Publié le 23 Nov 2023 - 11:08

La politique africaine d’Emmanuel Macron dans le viseur des députés

 

Les parlementaires ont débattu mardi 21 novembre des « partenariats renouvelés entre la France et les pays africains », appelant à sortir la politique étrangère du « domaine réservé » du chef de l’Etat.

 

L’échange est suffisamment rare pour être souligné. Mardi 21 novembre, au soir, un débat sur la stratégie diplomatique de la France en Afrique s’est tenu à l’Assemblée nationale entre les députés et deux ministres du gouvernement. Les différentes prises de parole se sont appuyées sur la trentaine de propositions élaborées par les députés Bruno Fuchs (MoDem) et Michèle Tabarot (LR) dans un rapport de la mission d’information parlementaire présenté mercredi 8 novembre, qui alertait sur la doctrine « illisible » de la France en Afrique.

En introduction, la ministre de l’Europe et des affaires étrangères, Catherine Colonna, a appelé à « bâtir des partenariats respectueux et responsables dans lesquels chacun assume ses intérêts réciproques ». Dans le contexte de remise en cause des positions que Paris croyait établies, la cheffe de la diplomatie a assuré que la politique française sur le continent africain « porte ses fruits », tout en jugeant « légitimes les questionnements qu’ont pu susciter les différentes crises qui se sont succédé au Sahel ».

Tandis que les soldats français déployés au Niger sont « en cours de rapatriement », comme s’y est résolu Emmanuel Macron le 24 septembre sous la contrainte des putschistes au pouvoir à Niamey, le ministre des armées, Sébastien Lecornu, a pour sa part insisté sur le risque terroriste que « fait peser la situation au Sahel » sur l’Europe, bien qu’aucun attentat n’a été commandité depuis cette région, et sur le « risque migratoire » qui la menacerait.
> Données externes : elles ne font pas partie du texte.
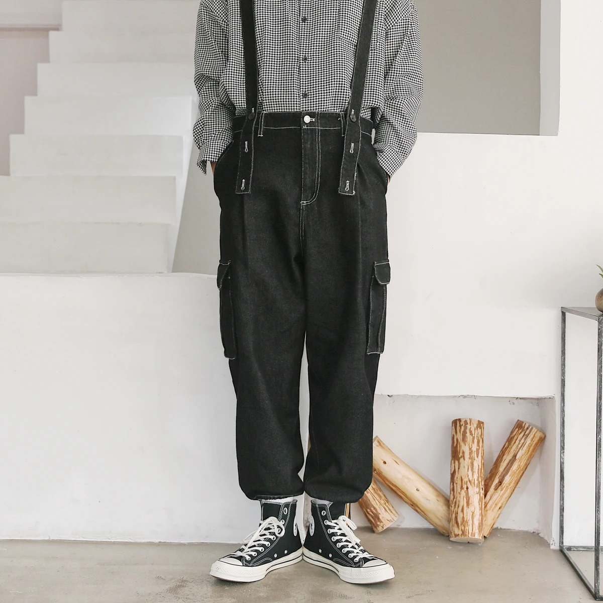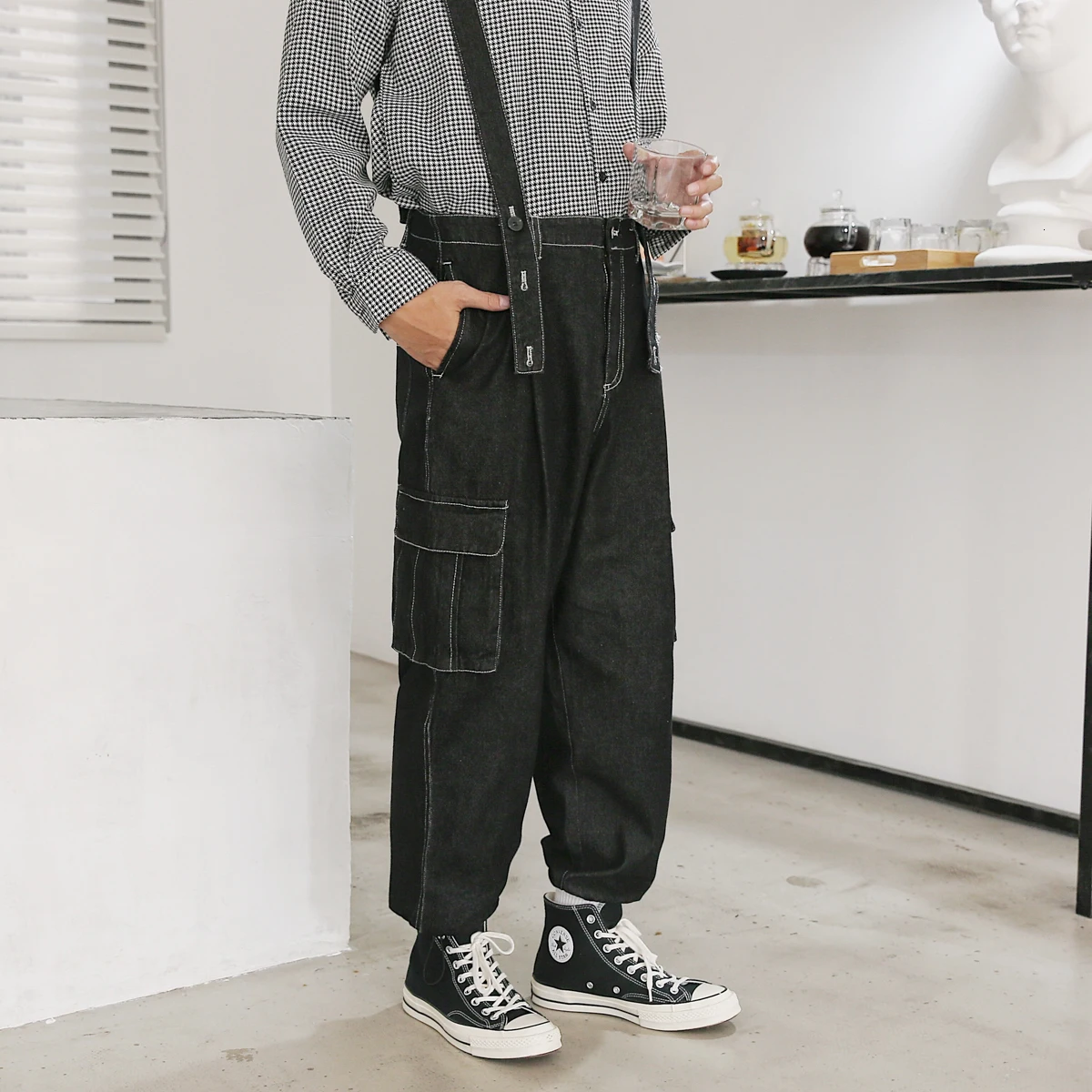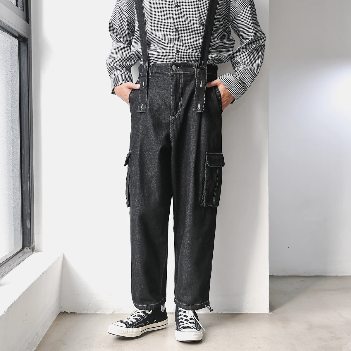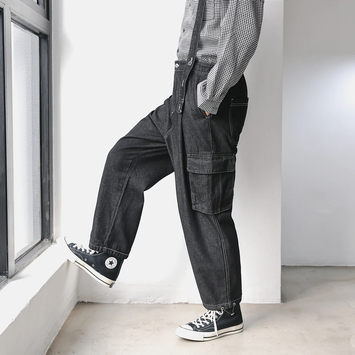Мужские свободные рабочие брюки, комбинезон, комбинезон, мужские комбинезоны, черныесиние мужские повседневные брюки, модные джинсы, 2021
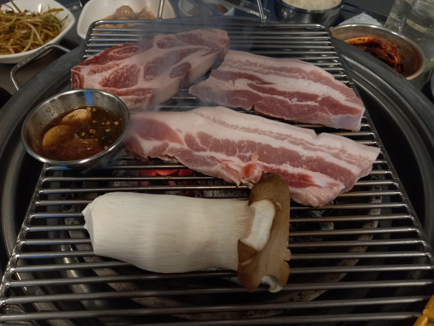 영롱한 모습으로 익은 삼겹살을 영접하는데에 나 자신이 혈안이 되어있었다.
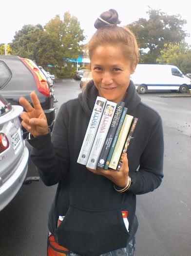 I was at the tofu shop in Henderson NZ on part of a day filled with odd jobs I had to do, I took a Bhgavad Gita with me to stop a few people between the car park and the shop. I stopped this lady and asked her if she had a copy of the Gita yet.
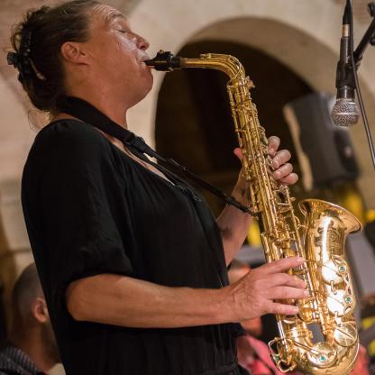 MARY ESTRADE, Clarinettiste / Saxophoniste impressionnante de virtuosité et de punch – également chanteuse Jazz / Blues hors pair – pilote plusieurs formations Jazz – Musette – Chansons… – Tumultueuse et bouillonnante d’énergie.
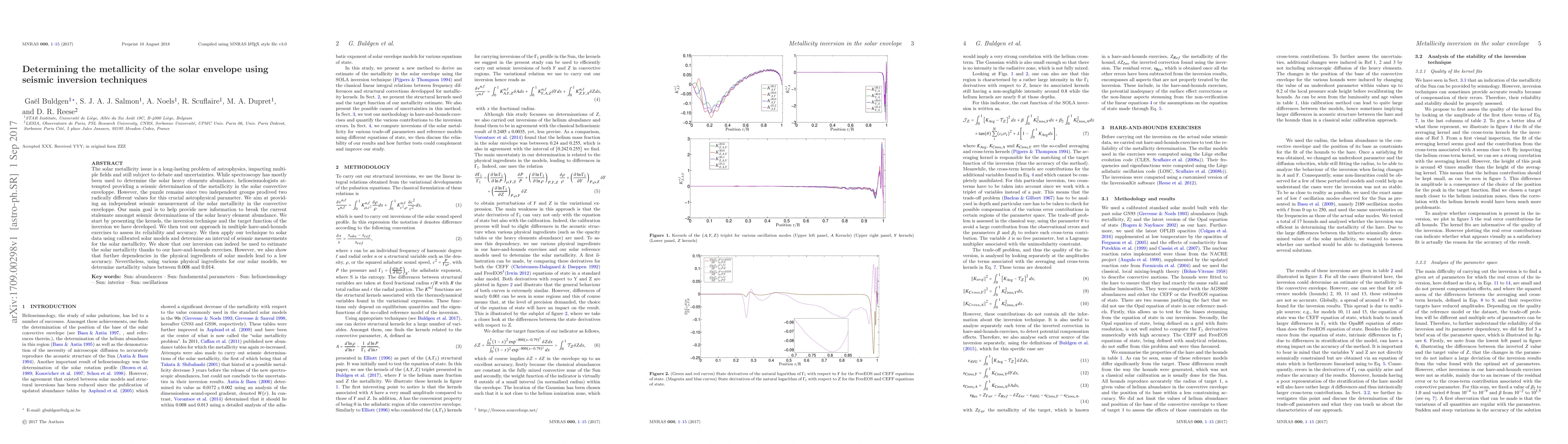 The solar metallicity issue is a long-lasting problem of astrophysics, impacting multi- ple fields and still subject to debate and uncertainties. While spectroscopy has mostly been used to determine the solar heavy elements abundance, helioseismologists at- tempted providing a seismic determination of the metallicity in the solar convective enveloppe. However, the puzzle remains since two independent groups prodived two radically different values for this crucial astrophysical parameter. We aim at provid- ing an independent seismic measurement of the solar metallicity in the convective enveloppe. Our main goal is to help provide new information to break the current stalemate amongst seismic determinations of the solar heavy element abundance. We start by presenting the kernels, the inversion technique and the target function of the inversion we have developed. We then test our approach in multiple hare-and-hounds exercises to assess its reliability and accuracy. We then apply our technique to solar data using calibrated solar models and determine an interval of seismic measurements for the solar metallicity. We show that our inversion can indeed be used to estimate the solar metallicity thanks to our hare-and-hounds exercises. However, we also show that further dependencies in the physical ingredients of solar models lead to a low accuracy. Nevertheless, using various physical ingredients for our solar models, we determine metallicity values between 0.008 and 0.014.
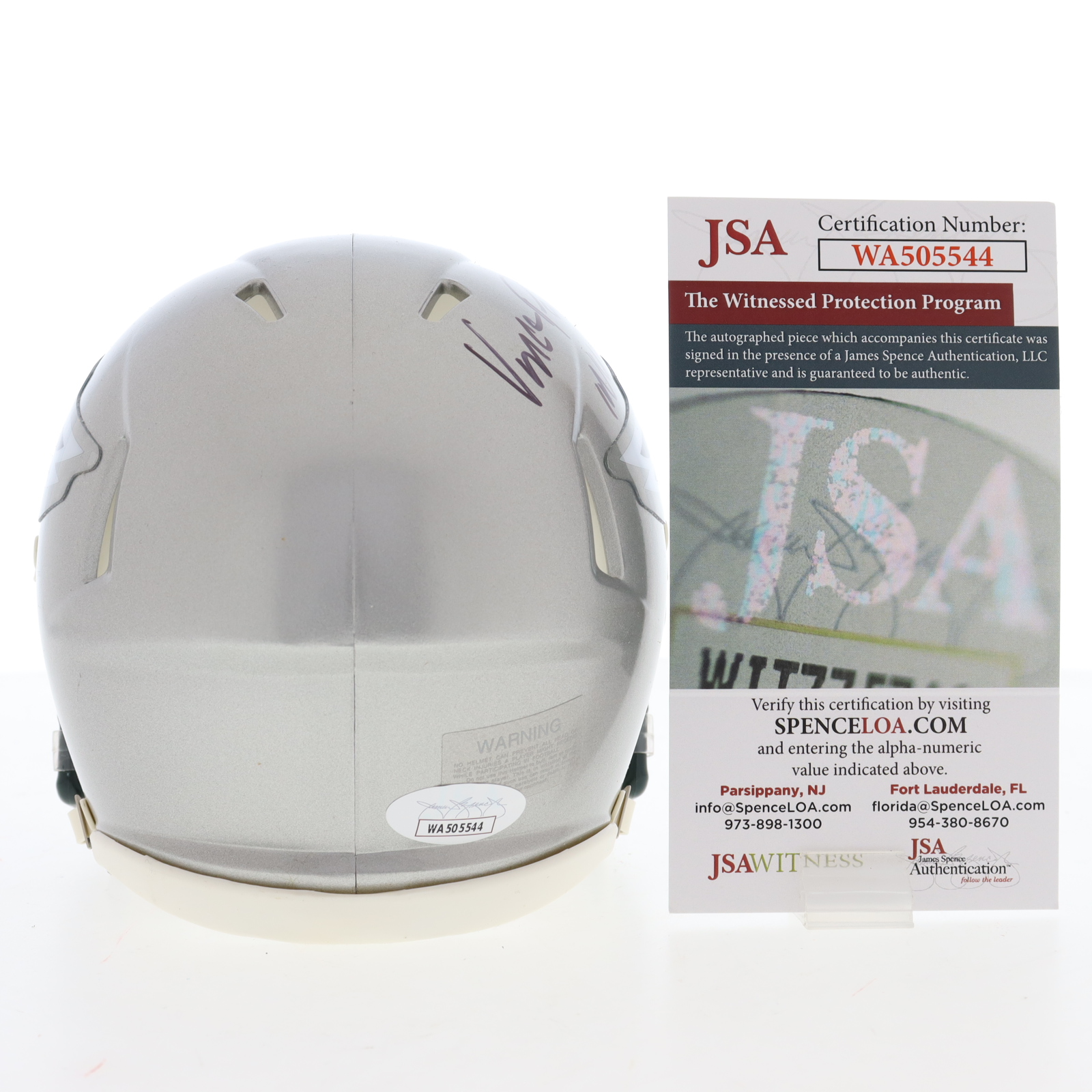 Riddell Philadelphia Eagles Flash Alternate Speed mini helmet. Hand-signed and inscribed by Vince Papale.
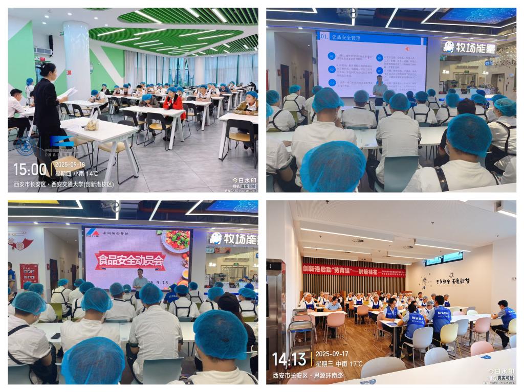 9月15日至19日,立异港分析办理办事核心环绕食物平安、反餐饮华侈,正在各食堂集中开展以“尚德守法 共享食安”为从题的“食物平安宣传周”系列勾当。开展普遍带动。9月15日,立异港分析办理办事核心组织召开立异港食堂食物平安工做带动会。勾当现场,核心从任巩滨做带动讲话,食堂办理人员及工做人员参会,食堂司理代表、厨师代表对食堂食物平安工做做讲话,各餐饮公司签定《立异港食堂秋季食物平安义务书》。
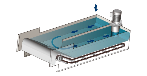 (standard model) - Designed to turn the coolant in the tank. By increasing of the number of coolant's passing through the magnetic field, the sludge separation performance has improved.
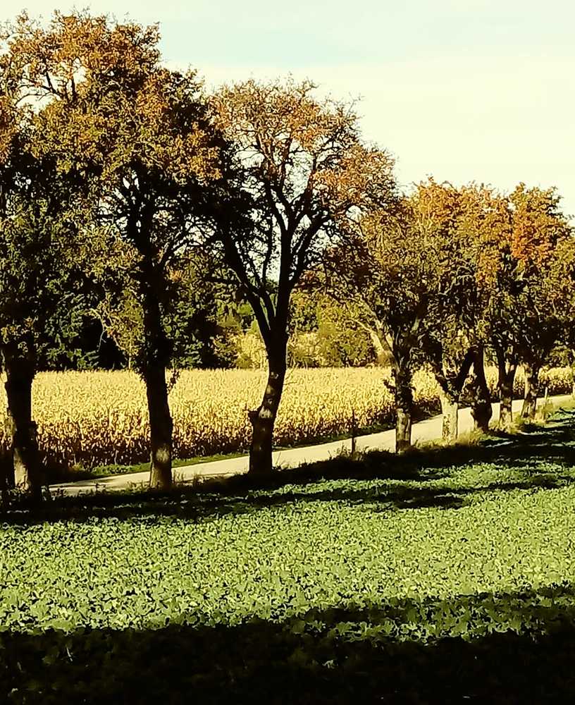 Wer noch nicht wusste, woher der Ausdruck „Goldener Herbst“ kommt und mit dabei war, weiß es jetzt auf alle Fälle. Mildes Licht – leicht verfärbtes Laub – abgedroschene Felder - all das wirkt zusammen golden.
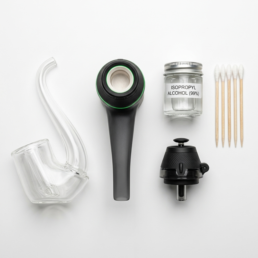 Before you start, collect everything you need: isopropyl alcohol (91% concentration or higher), cotton swabs (pointed-tip swabs work best for small chambers), a sealable plastic bag or small glass container, paper towels, and a pipe cleaner for the glass airpath. Isopropyl alcohol at 91% or higher concentration dissolves concentrate residue significantly faster than 70% formulations, often breaking down fresh buildup in under five minutes of soaking.
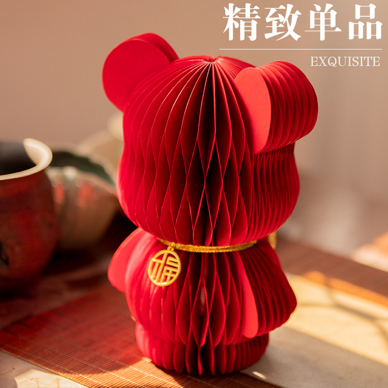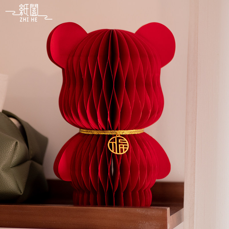 纸阖抱抱熊国潮红色摆件电视柜乔迁之喜装饰玄关布置福字入宅礼物
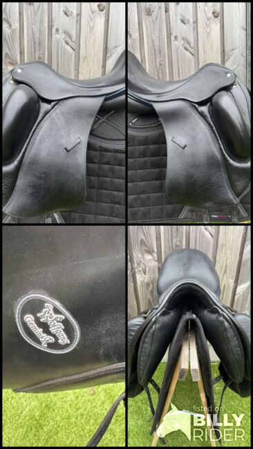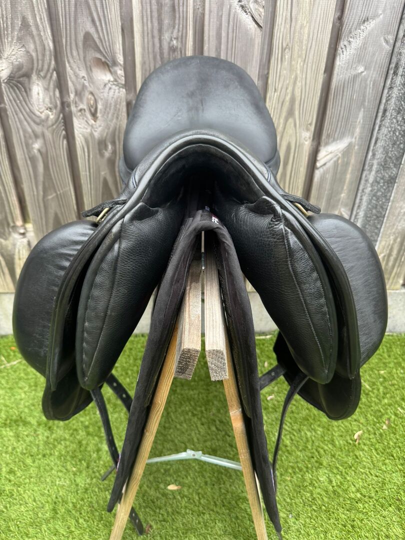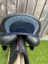 We are offering a Custom Gemini R in 17 inches, a truly eye-catching saddle featuring beautiful blue patent leather details and Swarovski crystals on the cantle. The saddle is in very good condition and combines elegance with top-level craftsmanship.
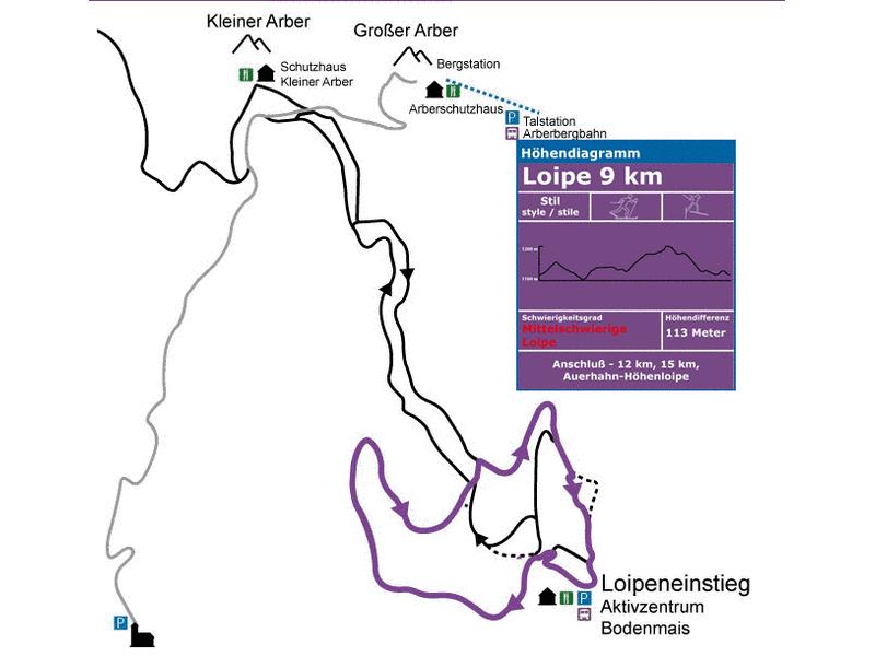 Vom Start bis km 1 leichtes Gelände, km 1 -3 welliges Gelände dazwischen eine großartige Panoramasicht über Bodenmais, mittelschwerer Anstieg bis km 4 zum Hochzellschachten, ein weiter Blick zum Arbermassiv und die Kontrollstelle für die Bodenmaiser Langlaufnadel erwarten Sie hier. Km 4 - 9 mittelschwere Anstiege und Abfahrten zum Ziel.

Sortir la politique étrangère du domaine réservé du chef de l’Etat

Soucieuse de ne pas « réduire l’Afrique au seul Sahel », Catherine Colonna a notamment mis en avant le rapport piloté par Vincent Duclert sur la part de responsabilité de la France dans le génocide des Tutsi au Rwanda en 1994 et les efforts de restitution d’objets d’arts africains.

Seule personnalité politique de premier plan à être venue s’exprimer dans l’hémicycle, Marine Le Pen a dénoncé « l’absence de politique africaine de la France ». « Sous Emmanuel Macron, a souligné la présidente du groupe Rassemblement national à l’Assemblée, cette politique a disparu dans un magma d’erreurs, d’incohérences et de contradictions, dont la sinistre mésaventure nigérienne de ces derniers mois aura été le point d’orgue. »

Michèle Tabarot, députée LR et corédactrice du rapport de 175 pages qui préconise un « changement de style », a aussi épinglé les médias publics à qui elle reproche d’être « malgré eux » une caisse de résonance des discours antifrançais sur le continent. La députée de la 9circonscription des Alpes-Maritimes estime en outre que la politique du gouvernement souffre du « péché originel du discours de Ouagadougou qui prétendait tout réinventer et qui a clairement échoué ». « Il faut aérer la politique étrangère, ouvrir le domaine réservé pour en faire un domaine partagé », a-t-elle ajouté, en proposant qu’au moins deux débats parlementaires sur l’Afrique se tiennent chaque année.

Réformer la politique des visas et l’aide au développement

La critique de la concentration des décisions à l’Elysée et le manque de concertation dans l’action du gouvernement résonnent aussi de l’autre côté de l’hémicycle. Plusieurs députés de gauche ont notamment appelé à renforcer le rôle des parlementaires dans l’élaboration de la politique étrangère française, à l’image d’Anna Pic (Socialistes et apparentés) qui a plaidé pour une « décentralisation décisionnelle ».

Même son de cloche au sein de La France insoumise qui, par la voix d’Arnaud Le Gall, a suggéré d’en « finir avec la tradition des débats erratiques et purement formels, puisqu’ils ne sont suivis d’aucun vote ».

En résonance avec le rapport de la mission d’information parlementaire, plusieurs recommandations ont ainsi surgi du débat, notamment sur la nécessaire réforme en profondeur de l’aide publique au développement, la remise à plat de la politique des visas, perçue comme « humiliante » par les élites africaines, et la fin annoncée du franc CFA.